NAGS HEAD, N.C. — On the Outer Banks, people are usually advised to stay off the dunes. But in Nags Head, there’s one that you can get on: Jockey's Ridge, the biggest dune on the East Coast.
Over the past year, organizations have been working to reinstate Jockey's Ridge as an area of environmental concern.
“It's a place of refuge, it's a place of inspiration, and it's also a living classroom," said Craig Honeycutt, chairman of the board of the Friends of Jockey's Ridge.
Watch related coverage: Discover the beauty of Jockey's Ridge State Park
For decades, Jockey’s Ridge State Park was designated as an “area of environmental concern,” but the North Carolina Rules Review Commission made a ruling in 2023 to strip that status.
“We were all stunned to death to find Jockey’s Ridge being removed as an area of environmental concern," said Renee Cahoon, chair of the North Carolina Coastal Resources Commission.
North Carolina Coastal Resources Commission has been working on requests to have the protections reinstated. A point of concern from the state has been the verbiage around the protections. They shared the following statement with us:
“The RRC protects the people from agency adoption of vague and ambiguous regulations which, if allowed to become law, would enable subjective enforcement by the agencies.”
“The question was: how was it distinct or unique? It's the only place on the East Coast that has that geologic formation," said Cahoon.
The CRC has had a few requests to have the AEC protections reinstated.
“We decided we would go back through it. We tried to change the word again. We put a definition in our rules of what unique meant, and what it does is it keeps sand from being removed from the area," said Cahoon.
Watch previous coverage: Key protection for Jockey's Ridge State Park rejected by review board
But at its most recent meeting, the organization unanimously passed another request.

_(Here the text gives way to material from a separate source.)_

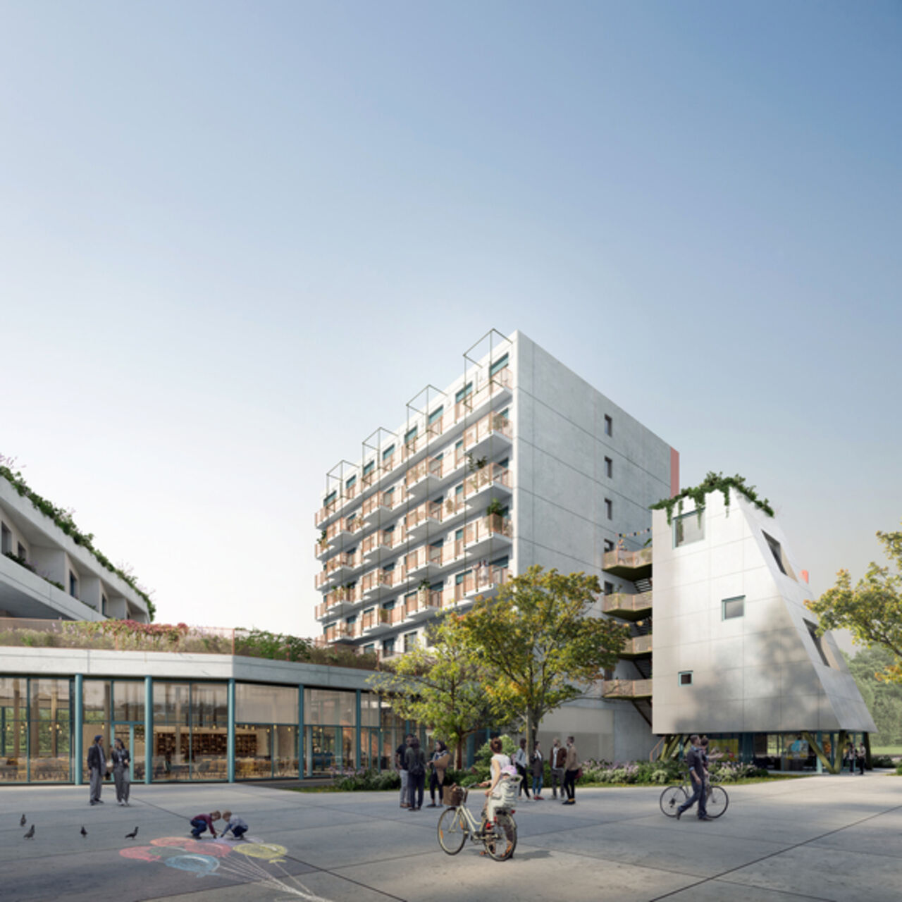 Die Schönere Zukunft präsentierte ihr geplantes Wohnbauprojekt „Quartier Seecarré“. Drei Geschwistergebäude in flexibler und ressourcenschonender Bauweise sollen hierbei einen Fokus auf soziale und ökologische Nachhaltigkeit legen.

The replacement of sand that blows off the dune is an important piece of keeping Jockey’s Ridge in its current natural state and part of what the protections ensure.
Without them, Honeycutt explained what might be able to happen.
“They can open the park up to all kinds of things, whether it's somebody building a restaurant, trying to develop it, trying to parse off chunks of land, trying to take sand out of it, trying to mess with the coast. There's a lot. It becomes a vulnerable place," said Cahoon.
There’s no timeline for the rules commission to take up the new request, but no matter their decision, these organizations plan to continue the fight as long as it takes.
"To me, it's just counterproductive to not be working together, but at odds. I don't think that serves the citizens of the state when we're at odds like this," said Cahoon.